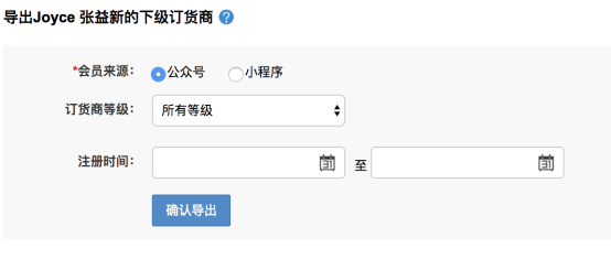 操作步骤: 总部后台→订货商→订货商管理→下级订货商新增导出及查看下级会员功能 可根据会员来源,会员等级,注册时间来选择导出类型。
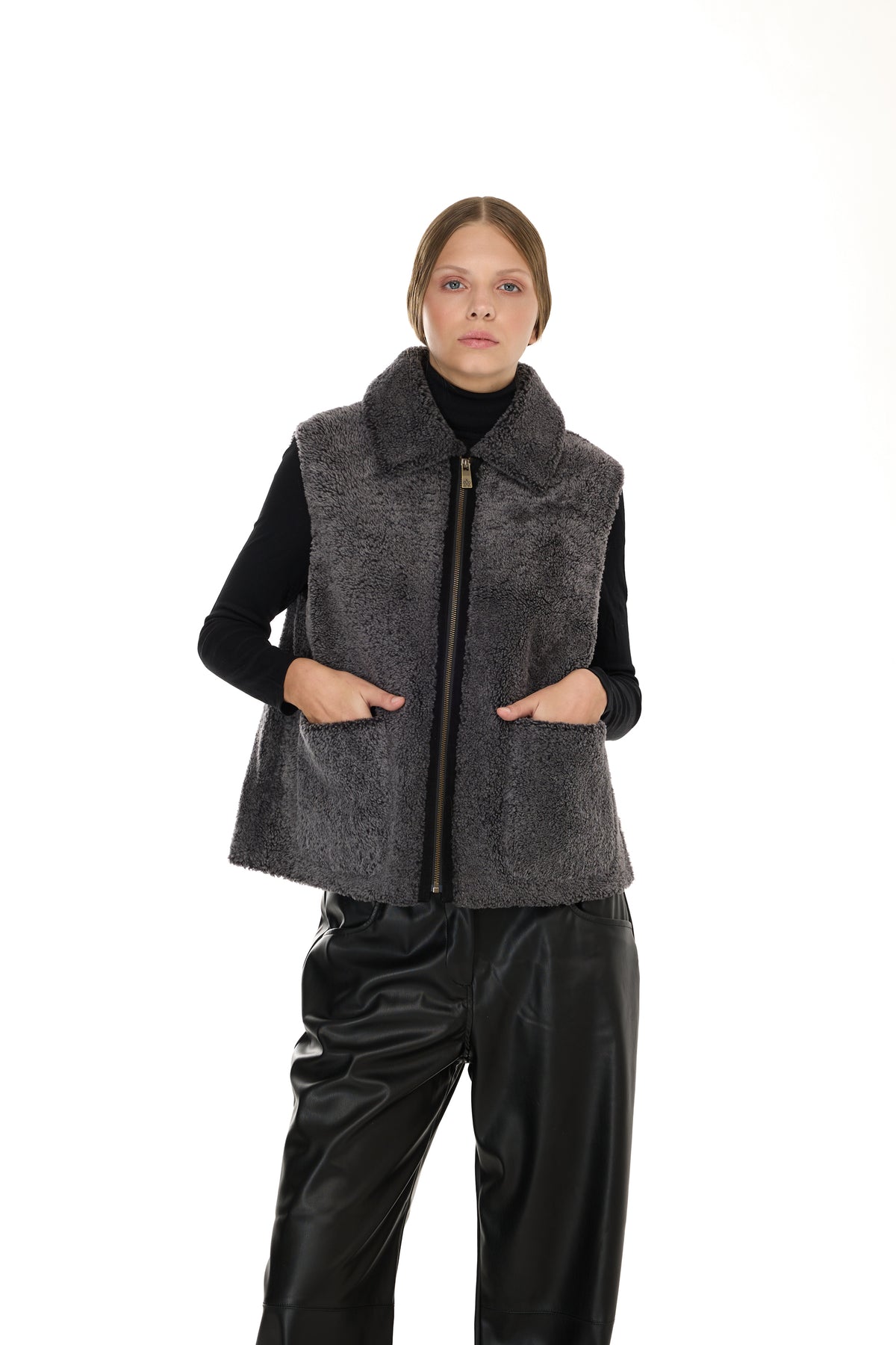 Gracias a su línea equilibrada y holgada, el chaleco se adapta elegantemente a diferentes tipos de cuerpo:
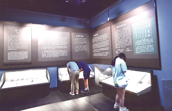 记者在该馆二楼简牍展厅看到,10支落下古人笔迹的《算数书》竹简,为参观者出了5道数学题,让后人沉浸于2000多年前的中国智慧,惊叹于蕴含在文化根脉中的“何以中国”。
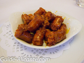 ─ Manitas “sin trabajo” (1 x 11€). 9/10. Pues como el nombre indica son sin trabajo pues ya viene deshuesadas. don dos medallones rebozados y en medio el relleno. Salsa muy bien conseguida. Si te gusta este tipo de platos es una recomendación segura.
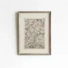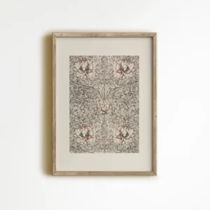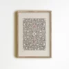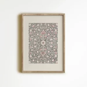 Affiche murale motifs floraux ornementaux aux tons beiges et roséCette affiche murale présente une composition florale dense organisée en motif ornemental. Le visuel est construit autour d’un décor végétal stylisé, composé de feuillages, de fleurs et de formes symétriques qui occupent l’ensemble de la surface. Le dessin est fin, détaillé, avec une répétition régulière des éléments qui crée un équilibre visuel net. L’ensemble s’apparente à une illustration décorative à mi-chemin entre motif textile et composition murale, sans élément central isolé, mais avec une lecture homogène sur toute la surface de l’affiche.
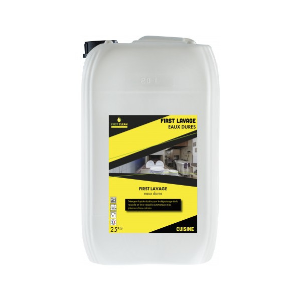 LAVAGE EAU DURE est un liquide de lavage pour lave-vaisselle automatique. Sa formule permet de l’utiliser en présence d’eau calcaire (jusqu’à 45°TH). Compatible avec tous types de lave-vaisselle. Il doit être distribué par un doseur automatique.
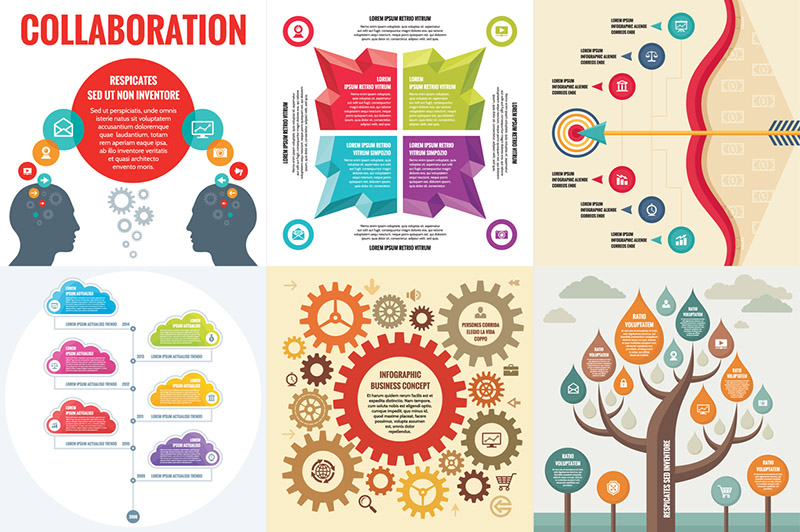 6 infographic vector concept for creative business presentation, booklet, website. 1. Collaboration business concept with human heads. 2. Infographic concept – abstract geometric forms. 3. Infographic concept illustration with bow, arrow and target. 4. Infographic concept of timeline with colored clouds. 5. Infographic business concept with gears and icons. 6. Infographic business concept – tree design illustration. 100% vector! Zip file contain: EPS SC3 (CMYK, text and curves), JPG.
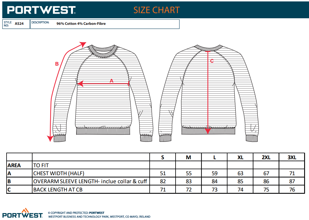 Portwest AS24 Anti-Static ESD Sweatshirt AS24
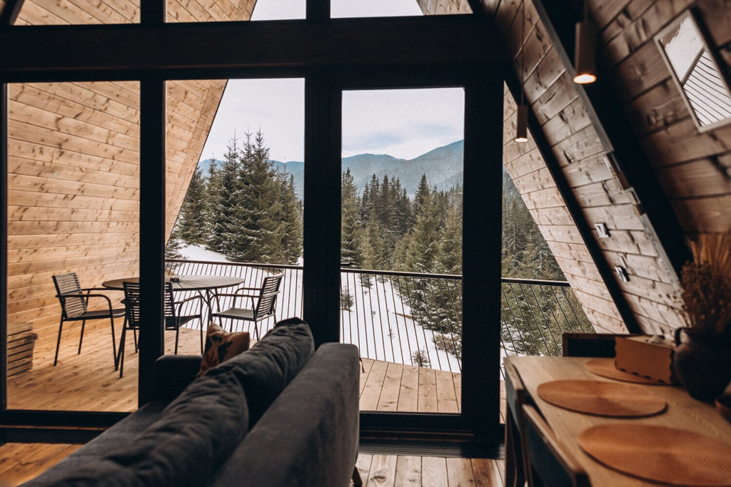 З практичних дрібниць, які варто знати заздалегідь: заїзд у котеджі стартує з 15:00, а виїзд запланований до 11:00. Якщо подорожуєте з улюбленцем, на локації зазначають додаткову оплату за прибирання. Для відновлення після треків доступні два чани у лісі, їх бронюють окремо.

+ + + + + + +

_Exercise description_
Carry over each record above character for character, with the pictures left out.

_Response box_
 操作步骤: 总部后台→订货商→订货商管理→下级订货商新增导出及查看下级会员功能 可根据会员来源,会员等级,注册时间来选择导出类型。
 Gracias a su línea equilibrada y holgada, el chaleco se adapta elegantemente a diferentes tipos de cuerpo:
 记者在该馆二楼简牍展厅看到,10支落下古人笔迹的《算数书》竹简,为参观者出了5道数学题,让后人沉浸于2000多年前的中国智慧,惊叹于蕴含在文化根脉中的“何以中国”。
 ─ Manitas “sin trabajo” (1 x 11€). 9/10. Pues como el nombre indica son sin trabajo pues ya viene deshuesadas. don dos medallones rebozados y en medio el relleno. Salsa muy bien conseguida. Si te gusta este tipo de platos es una recomendación segura.
 Affiche murale motifs floraux ornementaux aux tons beiges et roséCette affiche murale présente une composition florale dense organisée en motif ornemental. Le visuel est construit autour d’un décor végétal stylisé, composé de feuillages, de fleurs et de formes symétriques qui occupent l’ensemble de la surface. Le dessin est fin, détaillé, avec une répétition régulière des éléments qui crée un équilibre visuel net. L’ensemble s’apparente à une illustration décorative à mi-chemin entre motif textile et composition murale, sans élément central isolé, mais avec une lecture homogène sur toute la surface de l’affiche.
 LAVAGE EAU DURE est un liquide de lavage pour lave-vaisselle automatique. Sa formule permet de l’utiliser en présence d’eau calcaire (jusqu’à 45°TH). Compatible avec tous types de lave-vaisselle. Il doit être distribué par un doseur automatique.
 6 infographic vector concept for creative business presentation, booklet, website. 1. Collaboration business concept with human heads. 2. Infographic concept – abstract geometric forms. 3. Infographic concept illustration with bow, arrow and target. 4. Infographic concept of timeline with colored clouds. 5. Infographic business concept with gears and icons. 6. Infographic business concept – tree design illustration. 100% vector! Zip file contain: EPS SC3 (CMYK, text and curves), JPG.
 Portwest AS24 Anti-Static ESD Sweatshirt AS24
 З практичних дрібниць, які варто знати заздалегідь: заїзд у котеджі стартує з 15:00, а виїзд запланований до 11:00. Якщо подорожуєте з улюбленцем, на локації зазначають додаткову оплату за прибирання. Для відновлення після треків доступні два чани у лісі, їх бронюють окремо.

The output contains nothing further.